Now, you only know the relative positional relationship between the two cities every road is connected, but does not know the specific location of all cities. Now for all i, you need to develop a course for Xiao Ming, and to find the city i i end at up to how many cities can tour.
Input Format
First . 1 . 1 conduct two positive integers N, M N , M.

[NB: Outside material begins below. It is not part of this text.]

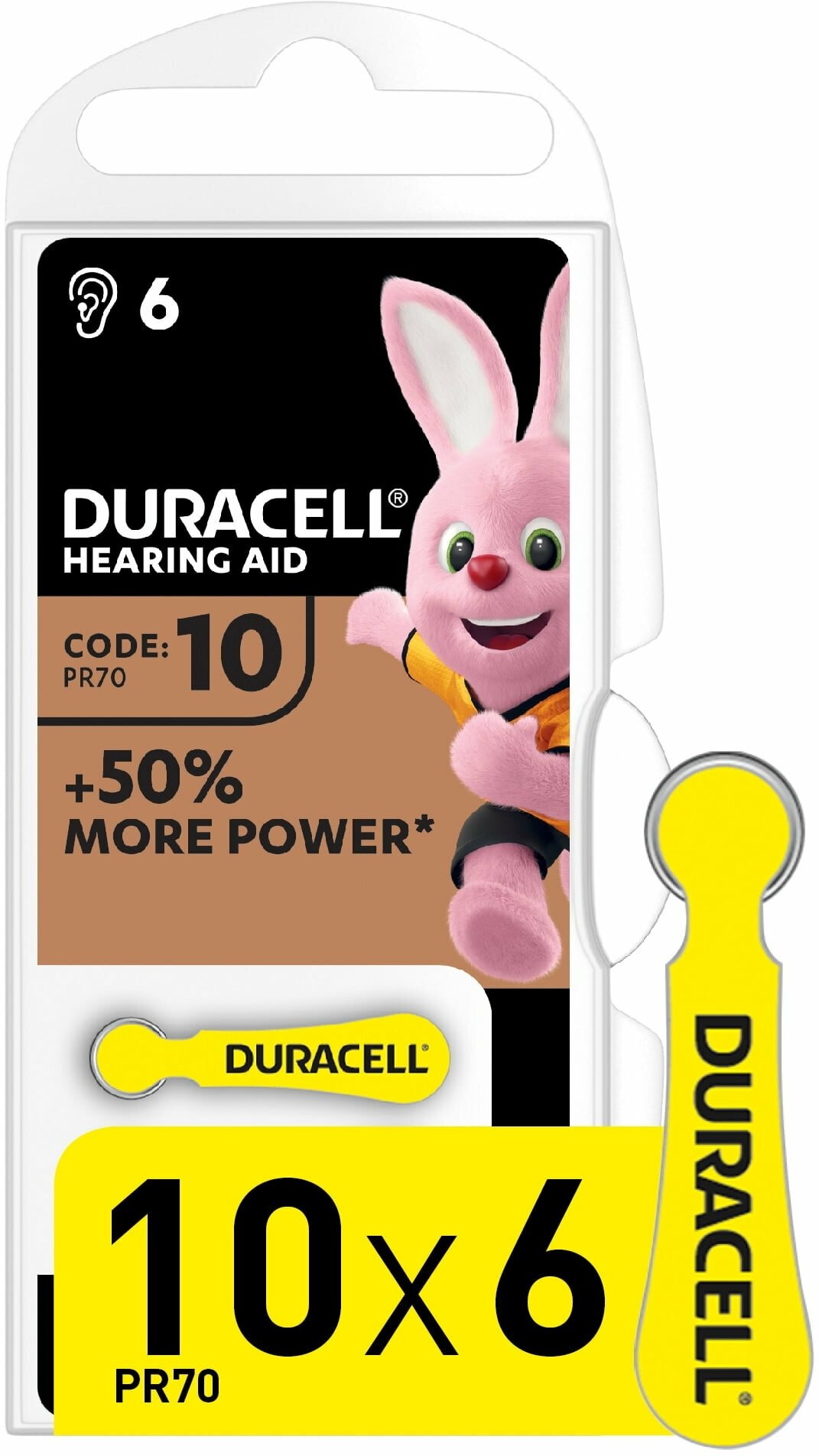 Батарейки Duracell Activair 10 (PR70) для слухового аппарата, 1 блистер (6 батареек)

Next M M rows, each row of two positive integers the X-, y the X- , y, shows there is a connection city the X- the X-urban y road y, to ensure the city the X- the X-urban y y west.
Output Format
N N line, the i i line contains a positive integer, it expressed in the first i i cities for the end of the maximum number of cities can tour.
Sample input and output
5 6 1 2 1 3 2 3 2 4 3 4 2 5
1 2 3 4 3
Description / Tips
Select all of these answers can be obtained from the city of departure 1.
For 20 \% 2 0 % of the data, N ≤ 100 N ≤ . 1 0 0;
For 60 \% . 6 0 % of the data, N ≤ 1000 N ≤ . 1 0 0 0;
For 100 \% . 1 0 0 % data, N ≤ 100000, 200000 M ≤ N ≤ . 1 0 0 0 0 0 , M ≤ 2 0 0 0 0 0.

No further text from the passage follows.